◆ Excerpted records
++++

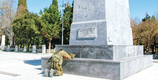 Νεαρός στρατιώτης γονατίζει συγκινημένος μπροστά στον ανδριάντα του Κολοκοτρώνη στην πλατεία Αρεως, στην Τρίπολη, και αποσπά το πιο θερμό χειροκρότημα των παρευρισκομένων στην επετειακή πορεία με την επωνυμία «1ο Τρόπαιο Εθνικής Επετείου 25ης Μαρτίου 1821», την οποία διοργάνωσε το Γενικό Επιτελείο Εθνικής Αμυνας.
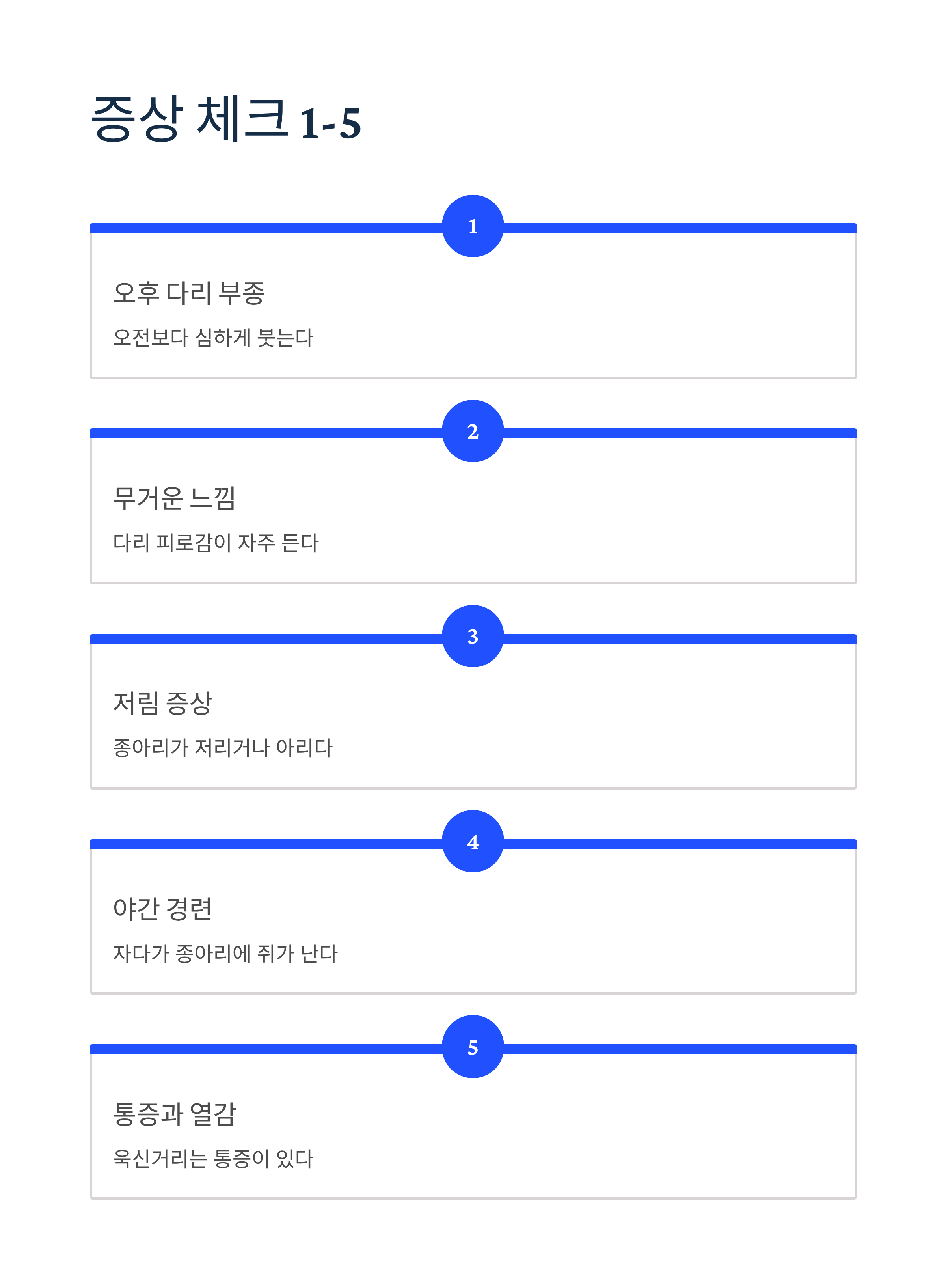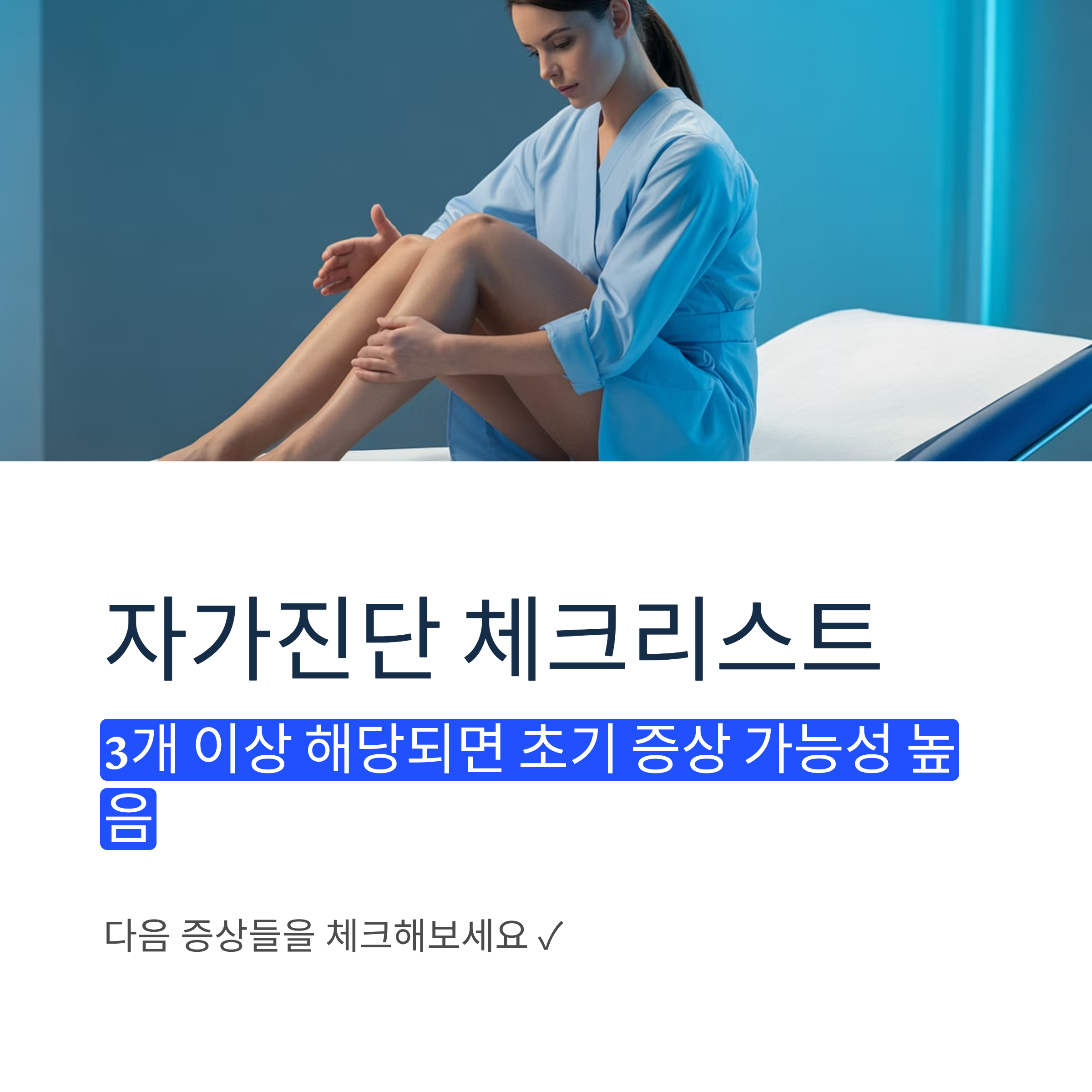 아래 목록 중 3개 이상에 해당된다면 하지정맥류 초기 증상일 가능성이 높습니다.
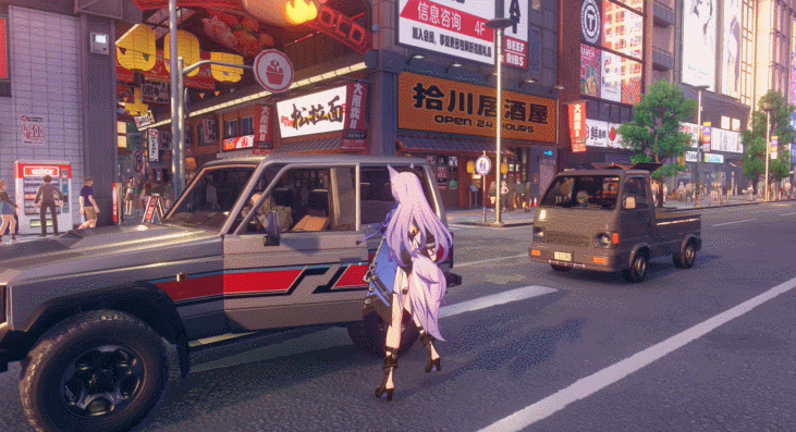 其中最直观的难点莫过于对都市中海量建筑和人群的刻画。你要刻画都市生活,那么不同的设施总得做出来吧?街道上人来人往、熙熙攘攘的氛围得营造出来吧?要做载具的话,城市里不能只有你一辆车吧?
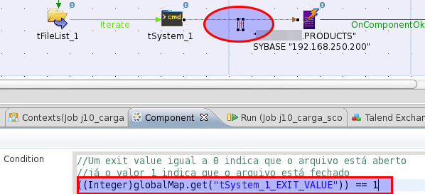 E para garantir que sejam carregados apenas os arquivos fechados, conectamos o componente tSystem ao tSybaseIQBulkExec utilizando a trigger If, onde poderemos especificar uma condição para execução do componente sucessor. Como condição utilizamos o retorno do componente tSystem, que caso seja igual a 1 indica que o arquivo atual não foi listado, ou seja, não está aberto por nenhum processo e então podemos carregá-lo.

++++

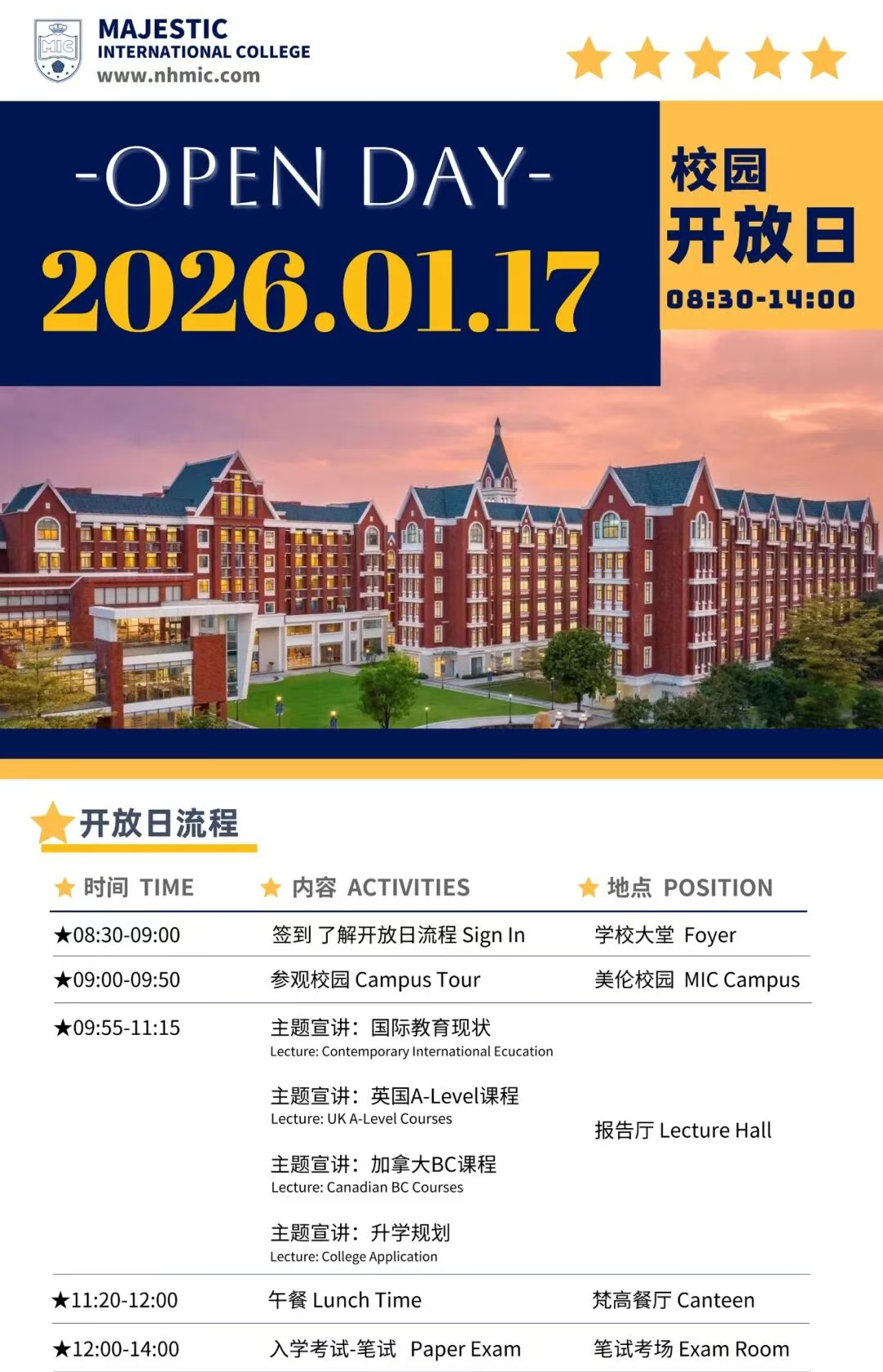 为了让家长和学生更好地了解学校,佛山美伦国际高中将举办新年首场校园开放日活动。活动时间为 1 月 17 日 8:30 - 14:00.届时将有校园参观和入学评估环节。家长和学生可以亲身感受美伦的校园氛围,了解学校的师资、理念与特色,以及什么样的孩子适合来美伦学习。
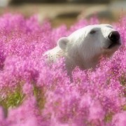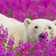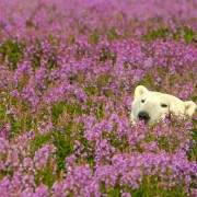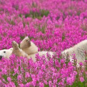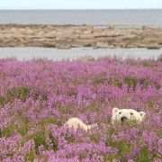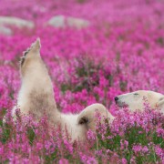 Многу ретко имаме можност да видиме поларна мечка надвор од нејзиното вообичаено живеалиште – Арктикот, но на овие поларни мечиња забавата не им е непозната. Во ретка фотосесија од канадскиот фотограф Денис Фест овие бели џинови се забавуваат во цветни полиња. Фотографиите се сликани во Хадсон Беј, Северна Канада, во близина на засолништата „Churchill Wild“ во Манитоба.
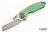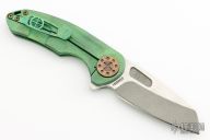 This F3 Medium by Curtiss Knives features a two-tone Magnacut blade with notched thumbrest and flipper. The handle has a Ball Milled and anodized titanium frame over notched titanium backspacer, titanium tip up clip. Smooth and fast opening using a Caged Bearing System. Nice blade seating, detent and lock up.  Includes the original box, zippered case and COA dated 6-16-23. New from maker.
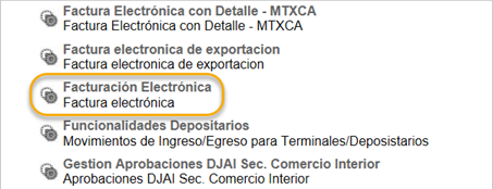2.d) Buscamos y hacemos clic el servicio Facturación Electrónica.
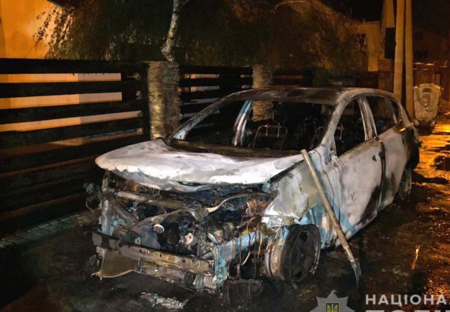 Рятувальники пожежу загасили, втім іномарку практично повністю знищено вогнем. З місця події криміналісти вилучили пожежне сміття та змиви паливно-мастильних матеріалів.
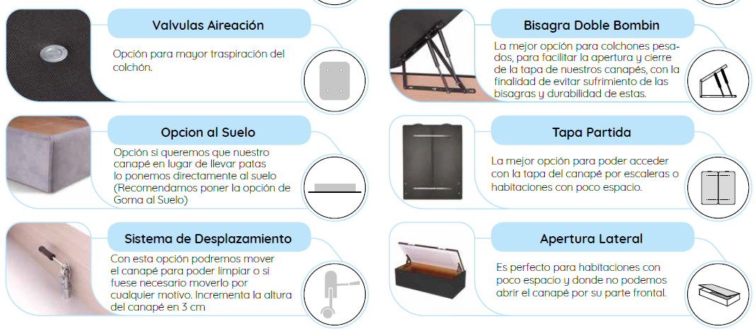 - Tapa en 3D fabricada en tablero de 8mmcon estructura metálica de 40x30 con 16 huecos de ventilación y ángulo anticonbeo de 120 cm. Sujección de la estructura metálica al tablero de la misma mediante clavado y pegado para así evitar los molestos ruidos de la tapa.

++++

◆ Directions
Nothing but the lines above from the line with "Νεαρός στρατιώτης γονατίζει" up to and including the line with "E para garantir" should be returned, exactly as written and without pictures.

◆ Answer to the exercise
 Νεαρός στρατιώτης γονατίζει συγκινημένος μπροστά στον ανδριάντα του Κολοκοτρώνη στην πλατεία Αρεως, στην Τρίπολη, και αποσπά το πιο θερμό χειροκρότημα των παρευρισκομένων στην επετειακή πορεία με την επωνυμία «1ο Τρόπαιο Εθνικής Επετείου 25ης Μαρτίου 1821», την οποία διοργάνωσε το Γενικό Επιτελείο Εθνικής Αμυνας.
 아래 목록 중 3개 이상에 해당된다면 하지정맥류 초기 증상일 가능성이 높습니다.
 其中最直观的难点莫过于对都市中海量建筑和人群的刻画。你要刻画都市生活,那么不同的设施总得做出来吧?街道上人来人往、熙熙攘攘的氛围得营造出来吧?要做载具的话,城市里不能只有你一辆车吧?
 E para garantir que sejam carregados apenas os arquivos fechados, conectamos o componente tSystem ao tSybaseIQBulkExec utilizando a trigger If, onde poderemos especificar uma condição para execução do componente sucessor. Como condição utilizamos o retorno do componente tSystem, que caso seja igual a 1 indica que o arquivo atual não foi listado, ou seja, não está aberto por nenhum processo e então podemos carregá-lo.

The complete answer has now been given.